I'm sure they would have made it as slim as the battery and circuitry technology allowed them to do so at that time.

If you think they made it bulky by choice, and then Apple came in and "innovated" by making their own pad thinner, I don't know what to tell you.


If you don't think Apple innovates on 'thin' designs, I don't know what to tell you. And if a tablet came out that looked like the iPad before the iPad, I don't think we would see the iPad as it is today, and everyone would be copying what ever design Apple did do.


They are welcome to get a regular patent covering their new approaches to implementing thin hardware (e.g. new battery technology or whatever).

Getting on a monopoly on (or due to) the design trait "thin", however, is not acceptable, even if it were the case that Apple came up with the idea of thin devices, which is obviously not so.


I already said it was the overall design aesthetic, not one simple element, but that it's obvious that Apple is a leading innovator in the space of thin industrial design. iPhone, iPod, iMac, the Air, are all some of the thinest in class. Plus you can see how even the CrunchPad/JooJoo changed it's design aesthetic to match that of the iPad after the iPad was publicly announced.

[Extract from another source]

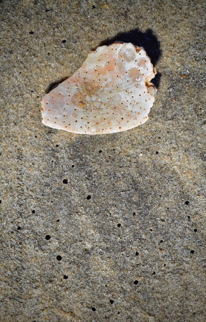 Polka-Dots are in Season Posted on September 30, 2013 by Maggie Beck 2 Love the beach after a storm for all the marine debris that comes in with the tide. This ancient and worm-eaten shell fragment positioned itself perfectly on a field of sand crab airways. Share this: Click to share on X (Opens in new window) X Click to share on Facebook (Opens in new window) Facebook Click to email a link to a friend (Opens in new window) Email Click to share on Pinterest (Opens in new window) Pinterest Like Loading... Related

And where/when did monopoly come up in this conversation? To my knowledge patents do not enable a company to a monopoly.


>And where/when did monopoly come up in this conversation? To my knowledge patents do not enable a company to a monopoly.

That's exactly what a patent IS. A temporary monopoly, granted by the government.


Thin is not a patentable idea. If Apple's thinness innovations are truly patentable, then they should get a patent for the specific technologies they've invented and not a design patent for the idea of making something thin. People have wanted thinner computers forever.

Also, the article shows a tablet that came out before the iPad looking at lesst as much like the iPad as the Galaxy Tab.



Thanks, I know what a design patent is. (Not sure why you think patent discussion about icon design is relevant to thinness, though.) Thinness is not still not patentable. That's an integral element. Saying that "thin" is patentable is like saying "has a screen" is patentable. Apple's case hinges on the idea that they can own the very idea of a tablet that doesn't suck.

And seriously, this doesn't look like the iPad, at least to the same extent that the Galaxy Tab does? Come on.

https://img.skitch.com/20111209-miewsiy6mswhbbnid2ddfmmqbd.j...


It's a bit hard to copy rumors isn't it?